UTF-8 uses a variable length encoding that allows for more characters-- if restricted to four bytes, it allows for 2^21 total code points; it's designed to eventually allow for 2^31 code points, which works out to about 2 billion code points that can be expressed.

(Granted, this is all hypothetical-- Unicode isn't even close to filling all of the space that UTF-16 allows; there aren't enough known writing systems yet to be encoded to fill all of the remaining Unicode planes (3-13 of 17 are all still unassigned).
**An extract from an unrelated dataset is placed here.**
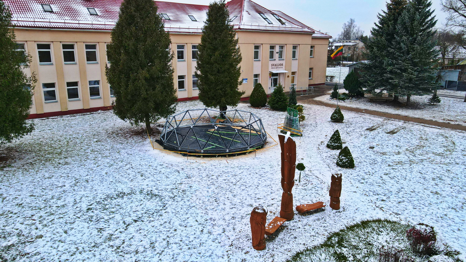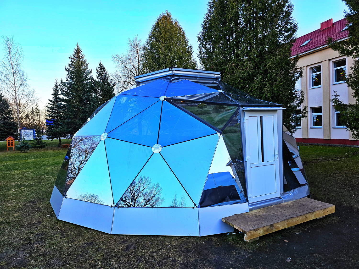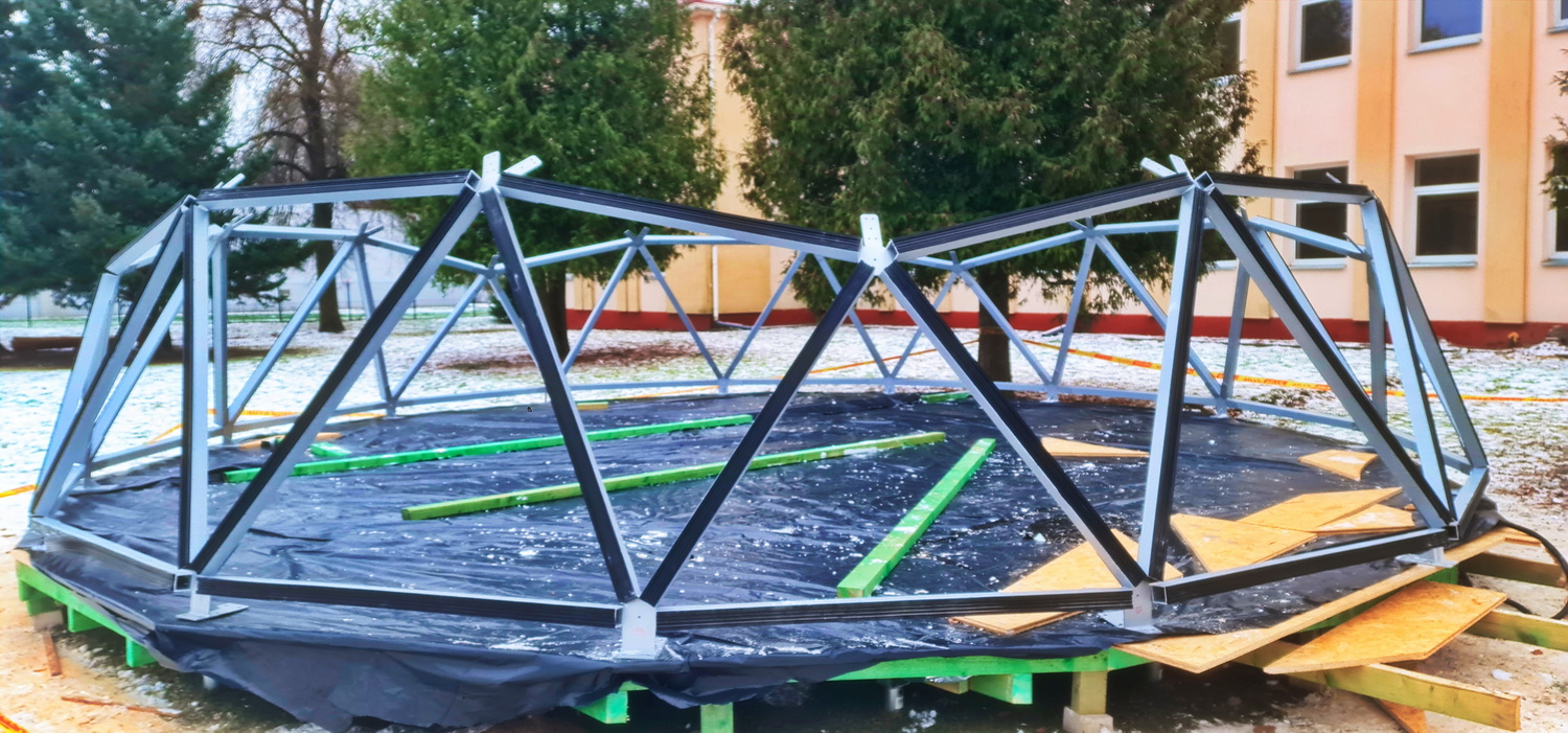 50m2 STIKLINĖ Lauko Klasė Ø8m Kupolas | Pasvalio Svalios progimnazija

But UTF-16's still nonstandard (most of the world's standardized on UTF-8) and kind of ugly, so the sooner it goes away, the better.)

2 comments

Thank you, this was an incredibly understandable explanation.
That is a bit misleading to the point of error, on several points:

* Your timeline is backwards. UTF-8 was designed for a 31-bit code space. Far from that being its future, that is its past. In the 21st century it was explicitly reduced from 31-bit capable to 21 bits.

* UTF-16 is just as standard as UTF-8 is, it being standardized by the same people in the same places.

* 17 planes is 21 bits; it is 16 planes that is 20 bits.